A NEW inquest has opened in Zimbabwe into the “suspicious” death of a former Scottish SAS officer after his family urged the authorities to reopen the investigation.

Glasgow-born Robert Wood, 54, was found dead in the spare room of his home in Bulawayo on 9 March, 2012.

A post-mortem examination in Zimbabwe gave the cause of death as asphyxia due to hanging and a pathologist said that Mr Wood had killed himself.

But a UK coroner said at an inquest in Surrey in November 2013 that some of the evidence he heard into the death was “very suspicious”.

Detective Sergeant Gary White of Surrey Police said the inquiry had been hampered by a lack of co-operation from the authorities in Zimbabwe.

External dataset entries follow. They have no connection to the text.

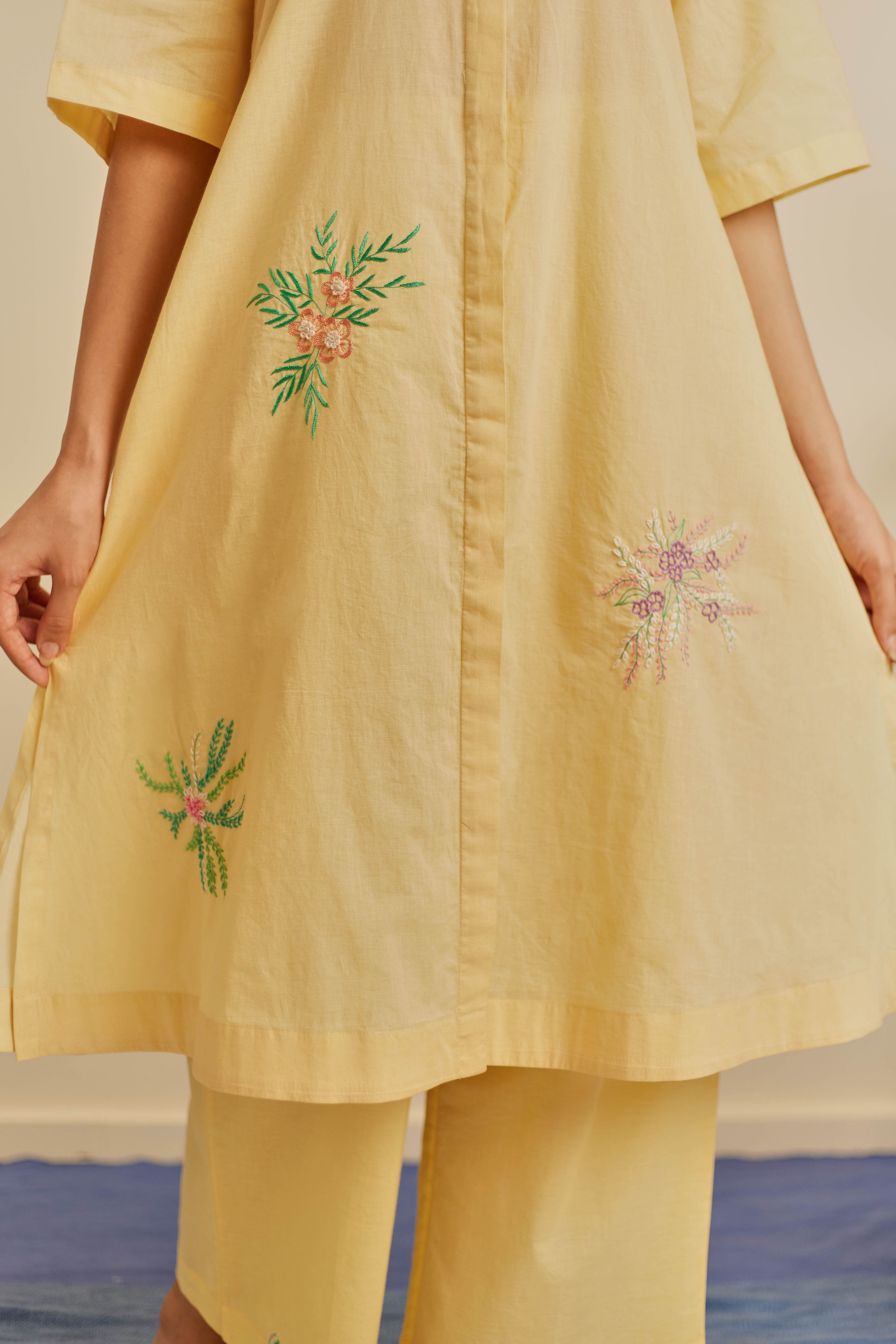 Embrace sophistication in our cream cotton kurta set. This A-line ensemble boasts a sleek collar and placket, complemented by 3/4th A-line raglan sleeves adorned with exquisite placement embroidery. The straight-fit pants, enhanced with corner embroidery, seamlessly blend smart event elegance with polished office allure.
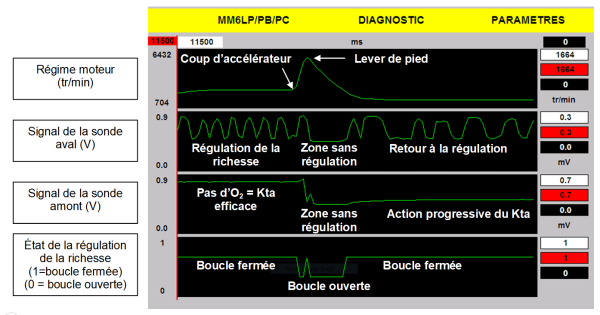 • le signal sur l ’amont varie entre pauvre (0,1V) et riche (0,9V) environ, au rythme de la régulation de richesse.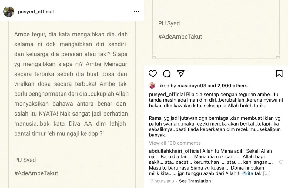 Muslim preacher Syed Mohd. Bakri Al-yahya (famously known as PU Syed) was recently asked by one of his followers on Instagram to share his thoughts on local entrepreneur Liana Rosli’s provocative marketing strategy on her social media postings.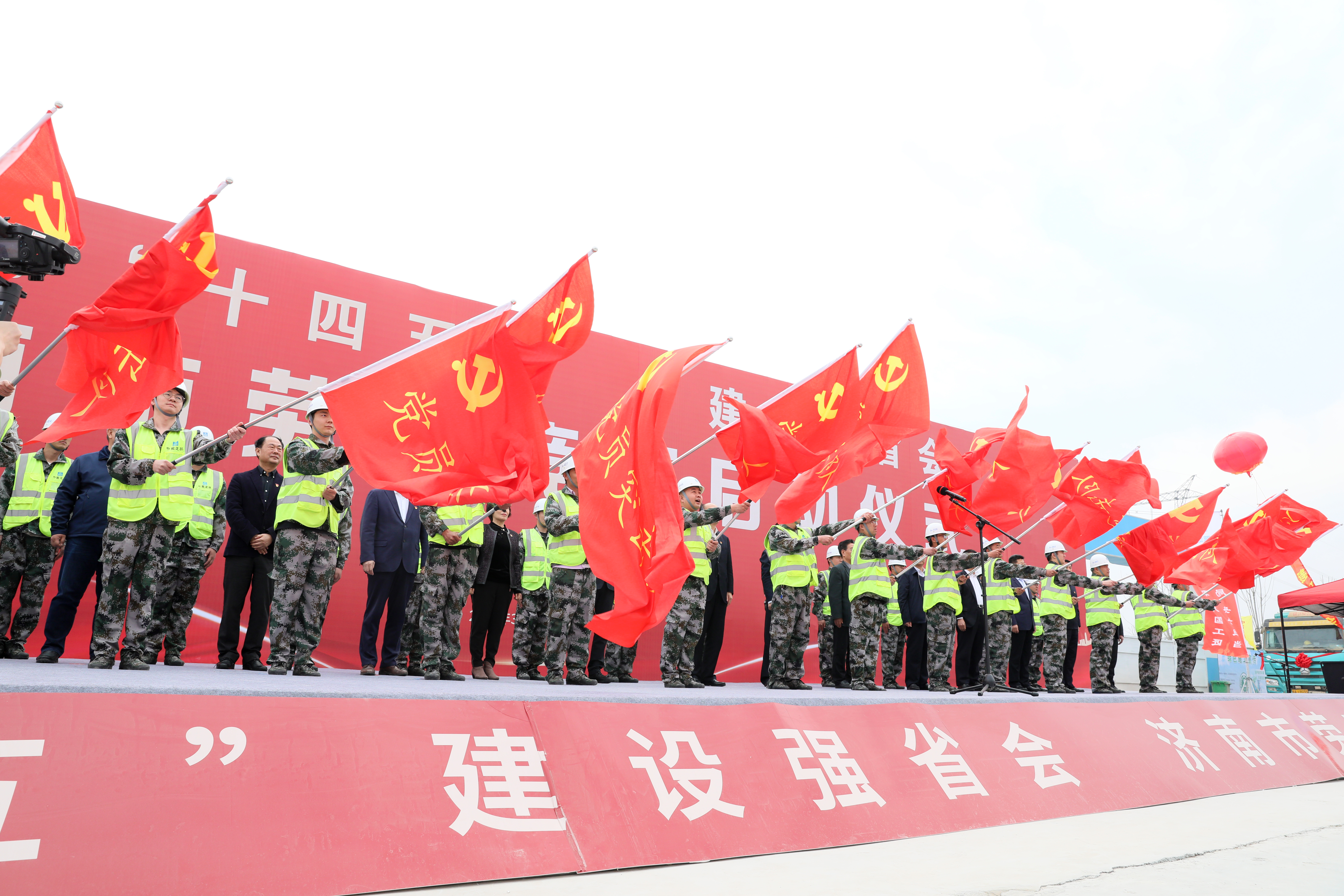 活动现场,建设单位负责人作表态发言,与会领导向“党员突击队”授旗,“党员突击队”队员豪迈宣誓“建功‘十四五’、逐梦新时代;建设强省会、当好主人翁;打好攻坚战、党员当先锋;匠心出精品、建功在泉城。”

Mr Wood ran a lucrative gold mine near the city for two British investors in return for a 13 per cent stake.

He had just moved into a rented house in the well-to-do suburb of Morningside with his Zimbabwean lover Henrietta Dube, who was a director in the mine.

Mr Wood’s family in the UK have been pushing for a new inquest amid claims that Miss Dube gave differing accounts of the death to police and faked his will.

They say that Miss Dube and her local boyfriend, Bhekithemba Nyoni, took over the mine after Mr Wood’s death and emptied company bank accounts.

The inquest heard yesterday that Miss Dube did not call the police when she found Mr Wood’s body.

Mandlenkosi Nkala, a taxi driver, gave a muddled explanation as to why it was he and not Miss Dube who called police when Mr Wood’s body was found.

Mr Nkala said Miss Dube had no mobile phone to make the call, but was unable to explain how she had summoned him by phone to the house when she found the body, according to the state Chronicle newspaper.

Earlier in his evidence, the taxi driver told magistrate Elias Magate that he had spent 8 March driving Miss Dube around Bulawayo as she shopped for items for the new house.

She told him to drop her at the Bulawayo Athletics Club, a local bar, at around 5pm, then phoned 30 minutes later to ask him to return to keep her company. Mr Nkala said: “Wood joined us and we were later joined by Nkosilathi Dube, a police detective.”

It was not immediately clear if the detective and Mr Wood’s girlfriend were related. Dube is a common surname in Ndebele-speaking southern Zimbabwe.

The driver claimed that he dropped the “heavily intoxicated” couple at their home after midnight.

Miss Dube then called him the next morning to say Mr Wood had committed suicide, he said, but she had not contacted the police.

Mr Nkala told the inquest: “I asked a friend to accompany me to their house, where I found Wood. I then decided to make a report at Hillside police station as she had not yet reported the death.”

Police detective Nkosilathi Dube claimed in his testimony that he had accompanied Miss Dube and Mr Wood home in the taxi at around 1am.

He said he and the taxi driver stayed in the house for “about ten minutes” before leaving the pair to sleep.

Detective Dube said he was informed of Mr Wood’s death the next morning.

When he went to the house around 10am, he found the body still hanging and police officers already on the scene, the Chronicle reported.

Mr Wood, a father-of-two, lived much of his life in Africa. His wife Susan, 59, was aware of his relationship with Miss Dube.

Mr Wood’s brother Ian has travelled to Zimbabwe for the inquest, which continues.